Выбрать главу

Таким образом, эти лекции представляют несомненный интерес для любителей романов Набокова. Оба — Сервантес и Набоков — признают, что игра может выходить за околицу детства не только как естественная трансформация ее в сновидения дневного толка (находящиеся под неодобрительным подозрением психиатров) или в любой вид творчества, но и как игра сама по себе. Именно этим и занимается Дон Кихот: он играет в странствующего рыцаря. По отношению к Гумберту со стороны Лолиты — тоже игра (она удивляется, что взрослые интересуются сексом, который для нее является лишь видом игры), а психология Гумберта Гумберта (задуманная одурачить теории Фрейда), вероятно, указывает на то, что он просто застрял на стадии детской игры. В любом случае, когда критик рассматривает плутовской роман или отображенные в литературе иллюзии и самоопределение личности, он обнаруживает, что думает и о Сервантесе, и о Набокове.

Эти лекции по Сервантесу, как мне представляется, были триумфом Набокова, который поразился сам себе, выведя окончательное мнение о «Дон Кихоте». Он приблизился к задаче очень осознанно, несмотря на то, что считал эту классическую подделку неуместной, как пятое колесо, и подозревал, что она является чем–то вроде подлога. Именно ощущение обмана пробудило его интерес. Затем, я думаю, он увидел, что подлог заключался в репутации книги, распространившейся как эпидемия в среде критиков. Такие вещи Набоков любил разметать в хвост и гриву. Он стал выявлять в кишащей неразберихе симметрию. У него зарождается подозрение, что Сервантес ничего не знает об «отвратительной жестокости» книги.
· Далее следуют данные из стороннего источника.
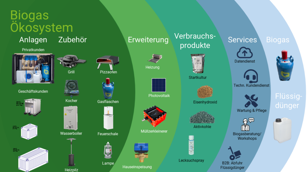 Das BalkonGas Ökosystem, bestehend aus Anlagen, Zubehör, Erweiterungen für die Anlagen, Verbrauchsprodukte für den Anlagenbetrieb, Dienstleistungen und den Rohstoffgütern wie Biogas/Biomethan und Flüssigdünger.

Ему начинает нравиться сухой юмор Дона, его завораживающий педантизм. Он соглашается с «любопытным феноменом», что Сервантес создал характер величественнее, чем сама книга, из которой он вышел — в искусство, в философию, в политический символизм, в фольклор грамотеев.

«Дон Кихот» и по–прежнему остается старой топорной книгой, наполненной специфической испанской жестокостью — беспощадной жестокостью, кусающей старика, который в старости играет, подобно ребенку. Она была написана в то время, когда над карликами и бесноватыми насмехались, когда честь и высокомерие были так высокомерны, как никогда, когда отступники от общепринятой мысли сжигались заживо на городских площадях под всеобщие рукоплескания, когда милосердие и доброта, казалось, совсем испарились. Действительно, первые читатели книги сердечно смеялись над ее жестокостью. Однако, в мире вскоре нашелся иной способ прочтения. Книга дала толчок современному роману по всей Европе. Филдинг, Смоллет, Гоголь, Достоевский, Доде, Флобер выцапапали из Испании эту историю и применили ее в своих собственных целях. Герой, вышедший из–под пера творца шутом, в ходе истории превратился в святого. И даже Набоков, всегда спорый в обнаружении и обличении жестокости в самой сердцевине сентиментальности, разрешает ему идти своим путем. «Мы больше над ним не смеемся», заключает он. «Его одеяния — жалость, знамя его — красота. Он символ благородства, сострадания, чистоты, галантности и альтруизма.»